Due mesi e mezzo di stagione, 9 vittorie su 11 in campionato (e secondo posto un punto dietro la Juve), più fuori che dentro in un girone di ferro in Champions dove hai giocato due primi tempi meravigliosi in due stadi da paura – roba che non vedevi da anni e anni – epperò metti insieme 4 punti in quattro partite, classifica magari immeritata ma impietosamente realistica sul tuo profilo attuale di squadra – bella, a volte bellissima, ma per più di un motivo non ancora a livello delle migliori d’Europa. Perchè dopo i primi tempi meravigliosi hai dovuto giocare anche i secondi tempi, e a volte – per colpe tue o anche solo per la piega degli eventi – la realtà si è fatta più dura, 45 minuti dopo.

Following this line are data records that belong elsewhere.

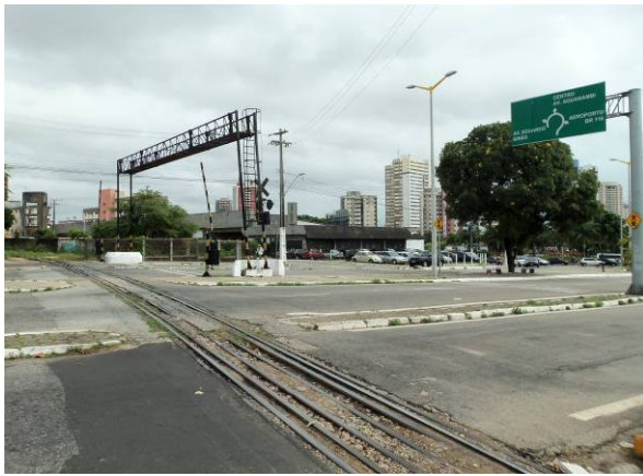
Foto 7 – Local de futura passagem elevada do VLT na Av. Aguanambi.
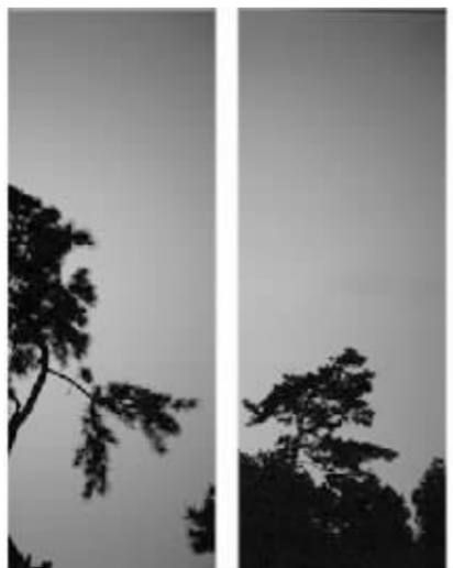
孙红宾摄影展作品
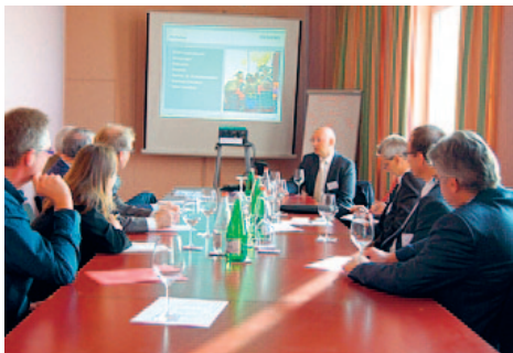
8. Zuger Innovations- und Technologietag

Innovationsfähigkeit ist entscheidend zur Erhaltung des Spitzenplatzes im Standortwettbewerb. Um diese zu fördern, veranstaltet das Zuger Technologie Forum jedes Jahr einen Innovations- und Technologietag mit Verleihung des Zuger Innovationspreises.
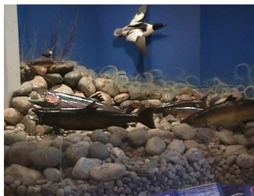
Figur 3 Villakssenteret i Lærdal – gamle utstillingar.

Nasjonalt villakssenter vil ha anlegget som utgangspunkt for sine aktivitetar i Vest-Noreg.
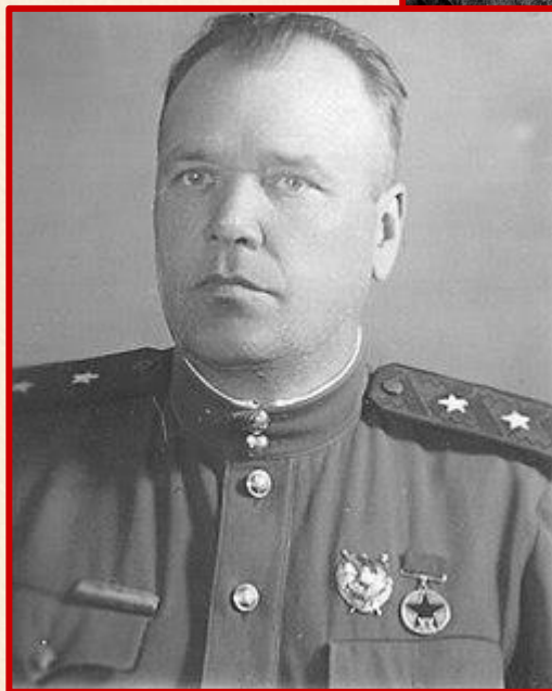
Генерал-лейтенант Лазарев И.Г.
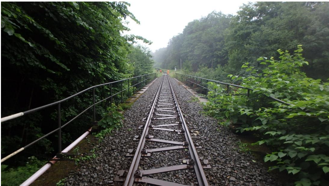
Blick über das Bauwerk in Richtung Wernigerode
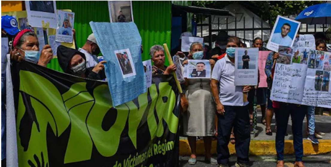
Cientos de personas salen a las calles a marchar para pedir libertad a sus inocentes detenidos bajo el régimen de excepción.
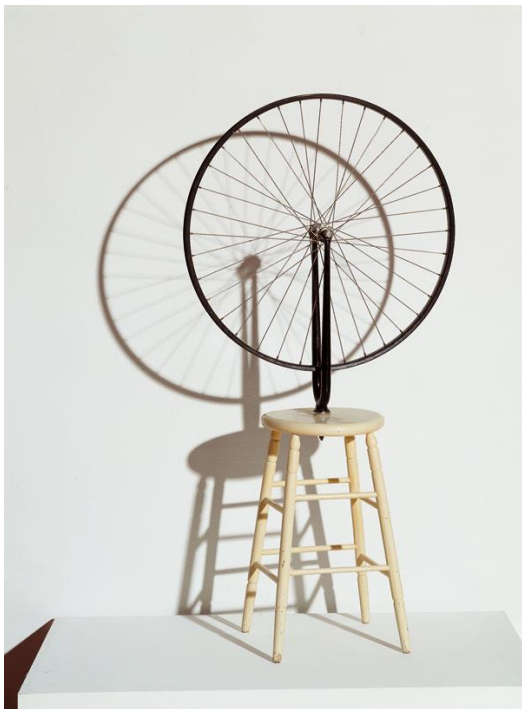
Rueda de bicicleta, Marcel Duchamp, 1913. © Association Marcel Duchamp, VEGAP, Madrid, 2023. Fuente: https://www.centrepompidou.fr/es/ressources/oeuvre/gCIMyPS

Detto questo, cosa vuole Conte? Cosa sa lui che non sappiamo? A quale livello vuole alzare la tensione? Quali conti ha da regolare, pur pagato profumatissimamente? Con chi ce l’ha? O vuole solo – più di ogni altra cosa, lui così vincente, lui così legato agli sfracelli che ha sempre fatto nelle sue prime stagioni ovunque sia stato – pararsi il culo?

A Dortmund, sotto il Muro giallo, l’Inter ha prima segnato due gol (il secondo straordinario) e poi si è dissolta per un misto di stanchezza, distrazione, appagamento, basso profilo, eccesso di sicurezza (prendere gol da una propria rimessa laterale è roba da campetto, non da Champions). Siamo stati, rispetto a Barcellona, anche meglio nel primo tempo, e molto peggio nel secondo (là, almeno, gli avversari si erano dovuti sbattere parecchio per segnare, qui i primi due glieli abbiamo regalati). Meritavamo il pari, entrambe le volte, e abbiamo perso, entrambe le volte. E’ il gap che scontiamo, e forze sconteremo ancora per un po’.

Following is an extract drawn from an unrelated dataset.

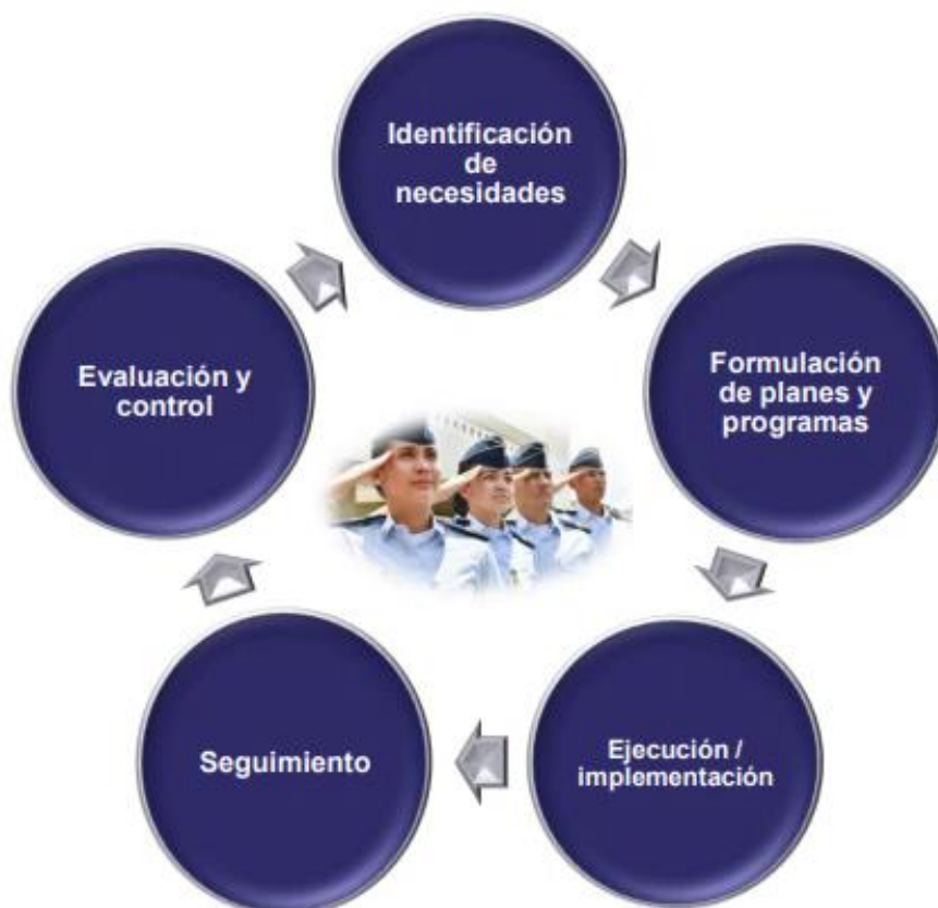
Figura 2: Fases del ciclo de la gestión pública

Ma a Conte conviene spiattellare in diretta tv che il re è nudo, piuttosto che provare a farsi semplicemente una ragione di quello che è successo? Conviene fare il culo ai dirigenti che non gli hanno dato quello che (a bocce ferme) era stato pattuito, quando mancano ancora due lunghi mesi al mercato di gennaio (e quasi tre al suo epilogo)? Dopo che Marotta qualche giorno fa ha detto che lo scudetto non è un obiettivo per quest’anno, serviva che Conte dicesse a tutti che ‘sta cosa in fondo è vera ma non certo per colpa sua, ma dei dirigenti inadempienti e dei troppi giocatori scarsi che gli hanno lasciato tra i coglioni?

Conte, l’unico vero top player fatto e finito dell’Inter, ti mette di fronte al bivio: dopo questa sparata ad alzo zero, lo segui al traino della sua sterminata (e si spera benefica) ambizione o per prenderlo a calci in culo? E’ un bel problema.

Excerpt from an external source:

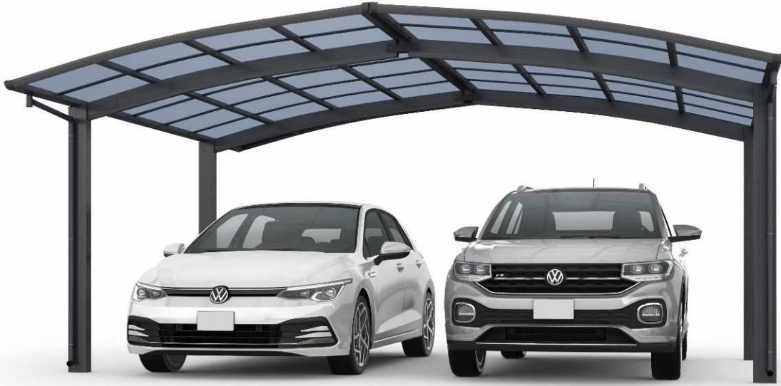
M51・27-27H カームブラック色(熱線遮断ポリカ屋根ふき材:アースブルー色)

Sono andato sul sito a controllare. La rosa della prima squadra è di 24 giocatori. Togli i tre portieri e due bambini (Esposito no, lui è compreso nel calcolo), restano 19 giocatori di movimento che non sarebbero nemmeno pochi. Togline due che non hanno mai visto il campo, togli anche Ranocchia che lo ha visto pochissimo, ne restano 16. A quel punto, gli infortuni hanno rovinato un equilibrio un po’ precario. Perchè dai 16, seguendo il ragionamento presunto di Conte, dovresti poi scremare gli scarsi, è qui – ma entriamo nella soggettività – i calcoli potrebbero farsi inquietanti.

Dell’Inter dei primi due mesi e mezzo ci sono dati certi. Due acquisti super a rinforzare il centrocampo – Barella e Sensi -, una coppia d’attacco di grandissima prospettiva, una difesa extra lusso, una batteria di laterali complessivamente mediocre (e non è un dato da poco per un 3-5-2), una panchina corta. Per il campionato tutto questo basta e avanza – chissà, un paio di ritocchi e potremmo essere davvero da scudetto -, per l’Europa no, essendoci capitata la sfiga di un girone molto duro.

Conte ha ragione, nella sostanza dei fatti. E’ nella forma che sbaglia. Lui che pretende che la squadra vada sempre a duemila, deve essere il primo a motivarla a tremila. Dal suo discorso di Dortmund non vorrei che passassero i messaggi peggiori. Tipo: che i giocatori più spremuti sono incolpevoli (e quindi legittimati a sentirsi stanchi), che i giocatori che fa giocare un po’ di sì e un po’ no sono dei ripieghi e non gli risolvono granchè (e quindi legittimati a sentirsi poco motivati), che gli altri sono fuori dal progetto a meno di concomitanze epocali (e quindi legittimati a controllare l’accredito dello stipendio mensile e bòn).

Il Conte motivatore estremo non è questo. Questo è un Conte che lancia un messaggio forte e chiaro: più di così non ce la faccio, nemmeno io che sono il miglior allenatore della galassia, e più di così i giocatori non ce la fanno, perchè ne faccio giocare 13-14 e nemmeno mi piacciono tutti. Un messaggio che non serve all’Inter, non serve gli interisti. A noi serve vedere la squadra continuare a giocare come in questi due mesi e mezzo, una squadra cresciuta a immagine e somiglianza di Conte, quello vero, quello che pensa a vincere e a dimostrare di essere il migliore di tutti. Il Conte post-Dortmund è un uomo ambizioso e pericolosamente scoglionato (“Mi tocca dire sempre le stesse cose, venisse a parlare qualche dirigente”: santa madonna, ma che dichiarazione è?). Siccome di Inter pericolosamente scoglionate nelle nove stagioni post-triplete ne abbiamo viste a iosa, ecco, non ricominciamo proprio ora che le cose vanno (quasi) a meraviglia.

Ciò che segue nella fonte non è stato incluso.